# [Required work]
Please give back the listing exactly, without any of its pictures.

# [Dataset excerpt]

((

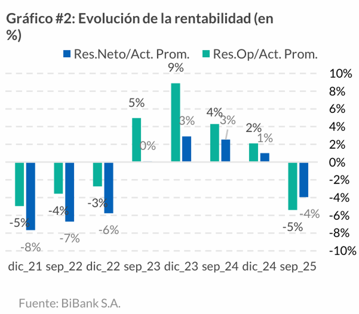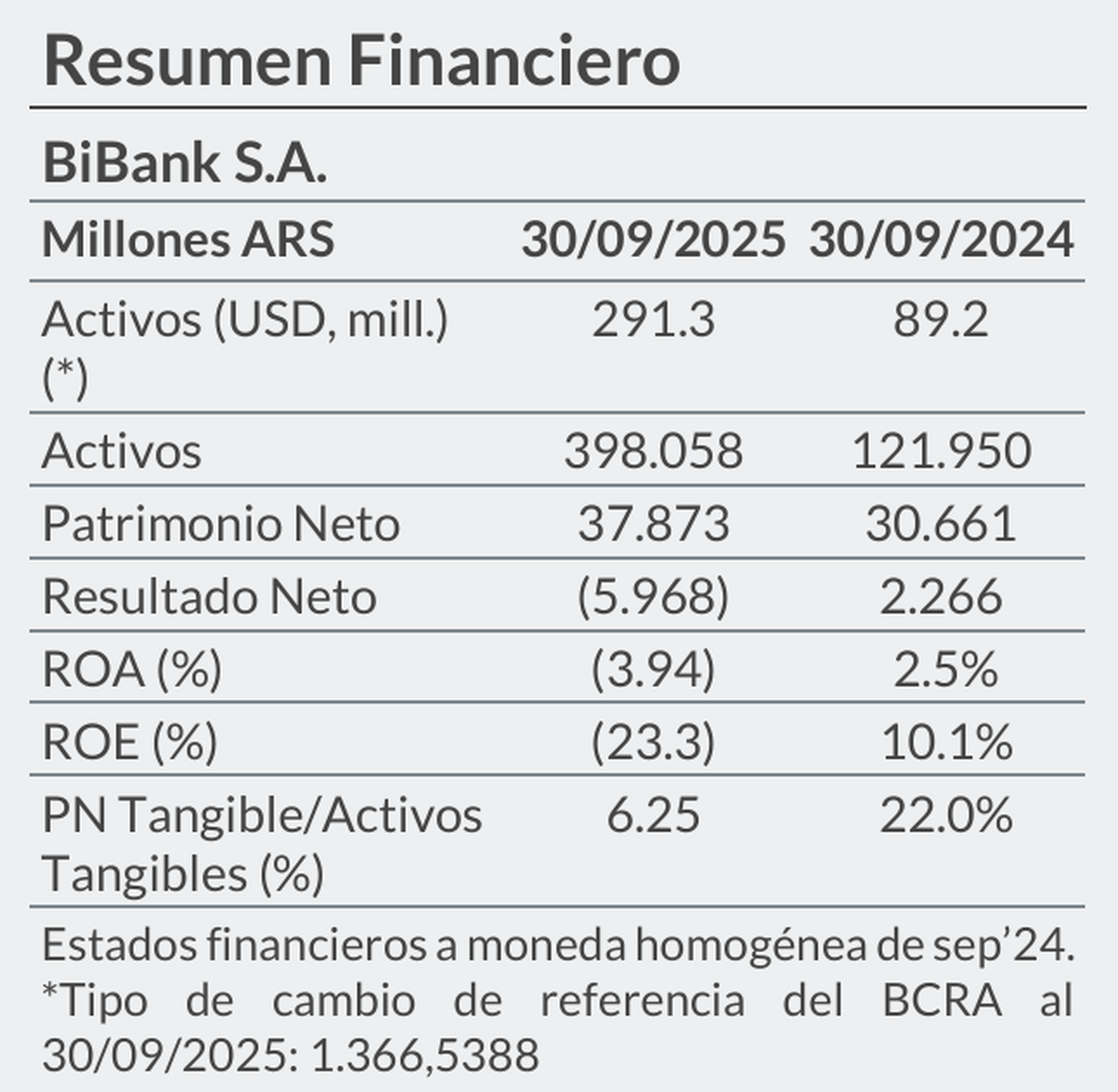 El dato más contundente surge del desempeño financiero. A septiembre de 2025, BiBank registró una pérdida neta de $5.968 millones, muy lejos de la ganancia de $2.266 millones obtenida un año antes. El impacto se reflejó de lleno en los indicadores de rentabilidad.
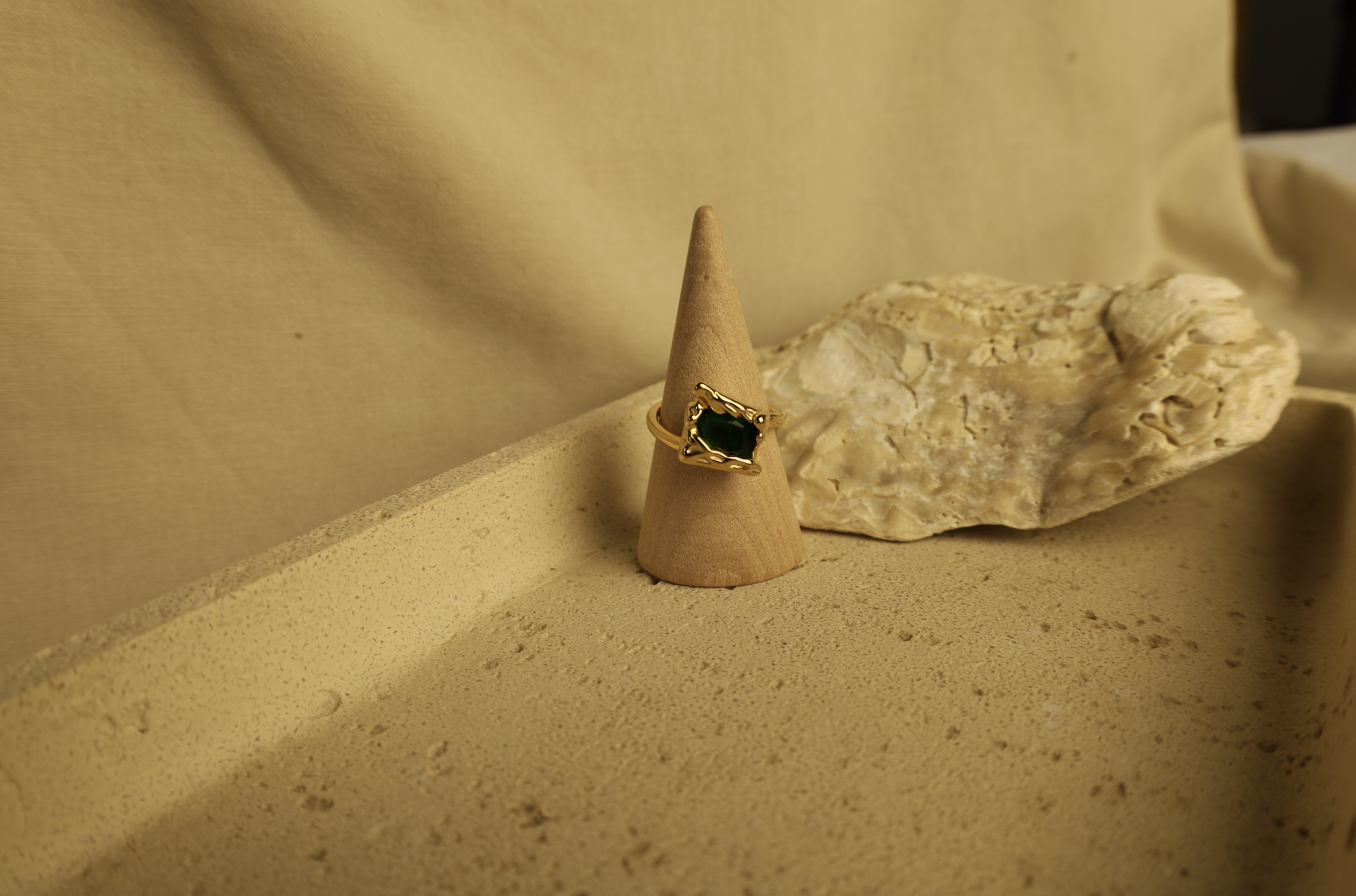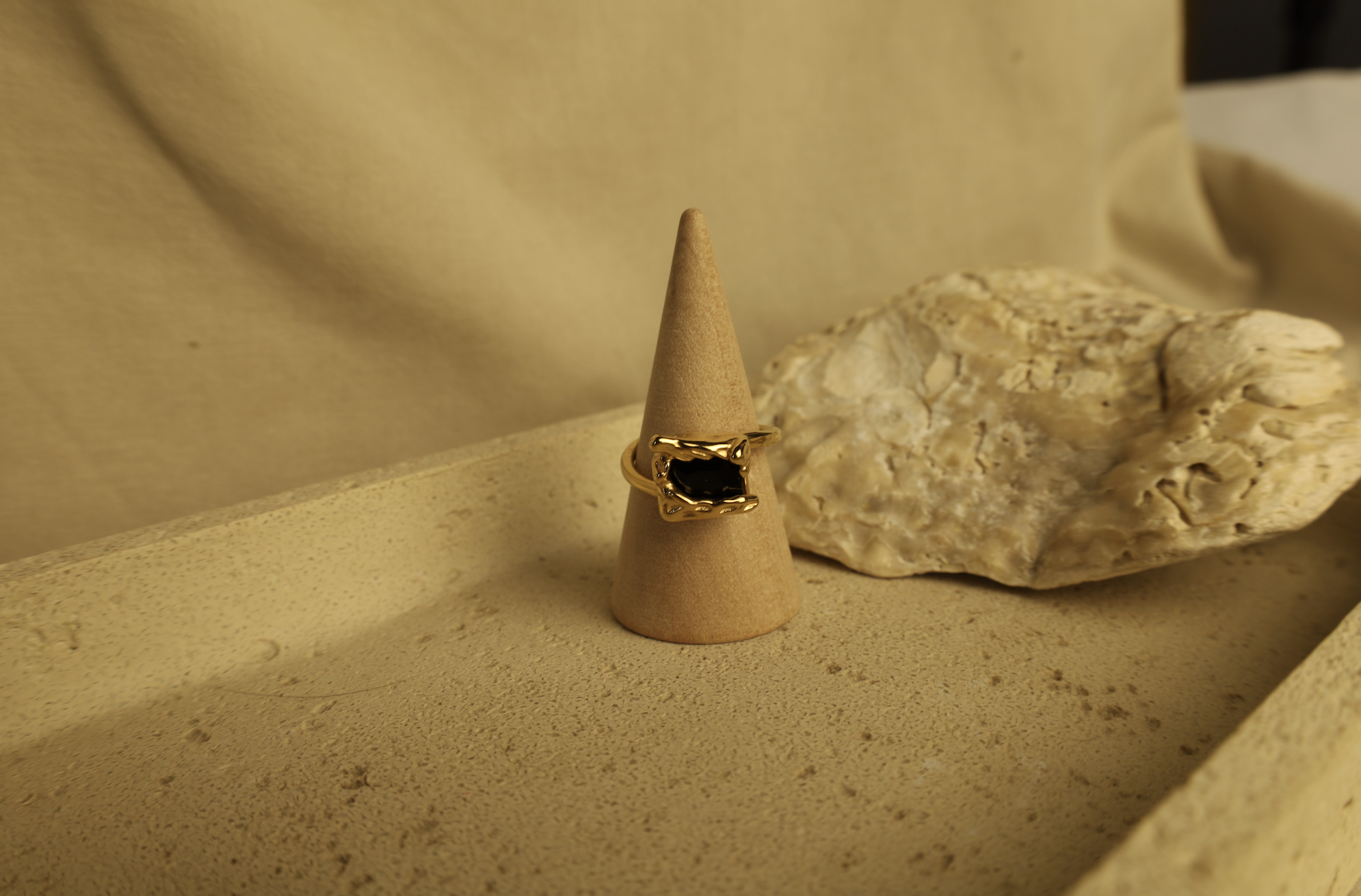 Fekete köves gyűrű, melyet egyedi formával rögzítettek a foglalatba, vonzó és titokzatos! Állítható, így biztosan jó lesz az ujjadra.
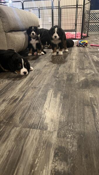 message jadavino about this ad We have beautiful purebred Bernese Mountain Dog puppies looking for loving homes! These adorable, fluffy pups are known for their gentle temperament, loyalty, and intelligence. The Bernese Mountain Dog is perfect for families or individuals who enjoy outdoor activities and companionship. They thrive in loving homes where they are treated as part of the family. Parents: Both parents are purebred, healthy, and have wonderful temperaments. Vaccinations: up to date on shots and deworming Health: health exam completed by vet For more details, pictures, or to arrange a visit, please contact us. Dont miss the chance to bring one of these incredible puppies into your life just in time for Christmas! Located in Central Ohio |
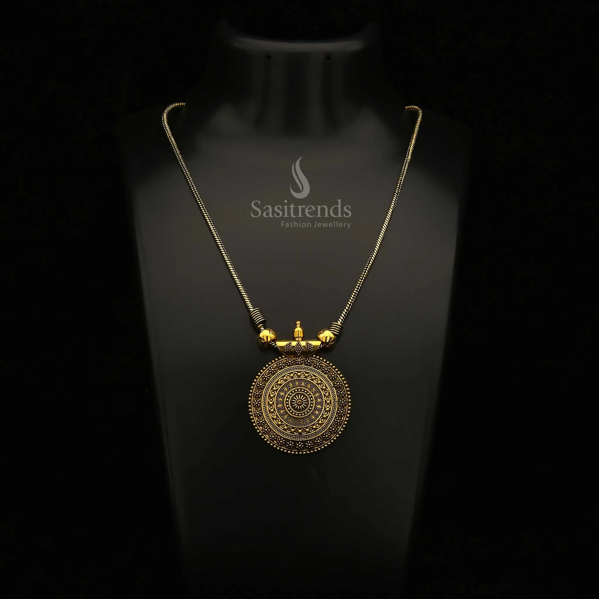 - Product Description: Discover understated beauty with the Roopasi Small Chakra Pendant Chain Necklace, a piece that speaks volumes with its discreet yet detailed craftsmanship. Designed for both subtlety and grace, the small pendant showcases the intricate chakra design that is a hallmark of cultural richness and artisanal heritage. The delicate pendant hangs from a sophisticated chain, available in both a deep oxidised silver and a radiant antique gold finish, providing versatility and timeless appeal. This necklace strikes the perfect balance between statement and simplicity, catering to those who appreciate elegance in small packages. Whether it's for a casual day out or a more formal event, this necklace is a versatile addition to any jewellery collection.

))

# [Your solution]
 El dato más contundente surge del desempeño financiero. A septiembre de 2025, BiBank registró una pérdida neta de $5.968 millones, muy lejos de la ganancia de $2.266 millones obtenida un año antes. El impacto se reflejó de lleno en los indicadores de rentabilidad.
 Fekete köves gyűrű, melyet egyedi formával rögzítettek a foglalatba, vonzó és titokzatos! Állítható, így biztosan jó lesz az ujjadra.
 message jadavino about this ad We have beautiful purebred Bernese Mountain Dog puppies looking for loving homes! These adorable, fluffy pups are known for their gentle temperament, loyalty, and intelligence. The Bernese Mountain Dog is perfect for families or individuals who enjoy outdoor activities and companionship. They thrive in loving homes where they are treated as part of the family. Parents: Both parents are purebred, healthy, and have wonderful temperaments. Vaccinations: up to date on shots and deworming Health: health exam completed by vet For more details, pictures, or to arrange a visit, please contact us. Dont miss the chance to bring one of these incredible puppies into your life just in time for Christmas! Located in Central Ohio |
 - Product Description: Discover understated beauty with the Roopasi Small Chakra Pendant Chain Necklace, a piece that speaks volumes with its discreet yet detailed craftsmanship. Designed for both subtlety and grace, the small pendant showcases the intricate chakra design that is a hallmark of cultural richness and artisanal heritage. The delicate pendant hangs from a sophisticated chain, available in both a deep oxidised silver and a radiant antique gold finish, providing versatility and timeless appeal. This necklace strikes the perfect balance between statement and simplicity, catering to those who appreciate elegance in small packages. Whether it's for a casual day out or a more formal event, this necklace is a versatile addition to any jewellery collection.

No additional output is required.